Let's re-run the Naive Bayes text classification model we ran at the end of chapter 3, with our selection choices from the previous exercise, on the volunteer dataset's title and category_desc columns.
* Instructions

    * Use train_test_split on the filtered_text text vector, the y labels (which is the category_desc labels), and pass the y set to the stratify parameter, since we have an uneven class distribution.
    * Fit the nb Naive Bayes model to train_X and train_y.
    * Score the nb model on the test_X and test_y test sets.


In [13]:
from sklearn.naive_bayes import GaussianNB
from sklearn.model_selection import train_test_split

nb = GaussianNB(priors=None)

In [14]:
y = temp_df["category_desc"]

In [15]:
# Split the dataset according to the class distribution of category_desc
train_X, test_X, train_y, test_y = train_test_split(filtered_text.toarray(), y, stratify=y)

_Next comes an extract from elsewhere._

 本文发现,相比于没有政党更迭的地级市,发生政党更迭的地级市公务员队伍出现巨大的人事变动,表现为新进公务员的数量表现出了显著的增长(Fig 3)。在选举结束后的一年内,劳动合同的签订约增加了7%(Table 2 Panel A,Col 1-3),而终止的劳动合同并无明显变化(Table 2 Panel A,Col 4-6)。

# Fit the model to the training data
nb.fit(train_X, train_y)

# Print out the model's accuracy
print(nb.score(test_X, test_y))

0.535483870967742


## Using PCA

Let's apply PCA to the wine dataset, to see if we can get an increase in our model's accuracy.
* Instructions

    * Set up the PCA object. You'll use PCA on the wine dataset minus its label for Type, stored in the variable wine_X.
    * Apply PCA to wine_X using pca's fit_transform method and store the transformed vector in transformed_X.
    * Print out the explained_variance_ratio_ attribute of pca to check how much variance is explained by each component.


In [16]:
from sklearn.decomposition import PCA

# Set up PCA and the X vector for diminsionality reduction
pca = PCA()
wine_X = wine.drop("Type", axis=1)

# Apply PCA to the wine dataset
transformed_X = pca.fit_transform(wine_X)

# Look at the percentage of variance explained by the different components
print(pca.explained_variance_ratio_)

[9.98091230e-01 1.73591562e-03 9.49589576e-05 5.02173562e-05
 1.23636847e-05 8.46213034e-06 2.80681456e-06 1.52308053e-06
 1.12783044e-06 7.21415811e-07 3.78060267e-07 2.12013755e-07
 8.25392788e-08]


In [17]:
from sklearn.neighbors import KNeighborsClassifier

knn = KNeighborsClassifier(algorithm='auto', leaf_size=30, metric='minkowski',
           metric_params=None, n_jobs=1, n_neighbors=5, p=2,
           weights='uniform')

In [19]:
# Split the transformed X and the y labels into training and test sets
y = wine['Type']
X_wine_train, X_wine_test, y_wine_train, y_wine_test = train_test_split(transformed_X, y)

# Fit knn to the training data
knn.fit(X_wine_train, y_wine_train)

# Score knn on the test data and print it out
print(knn.score(X_wine_test, y_wine_test))

0.7333333333333333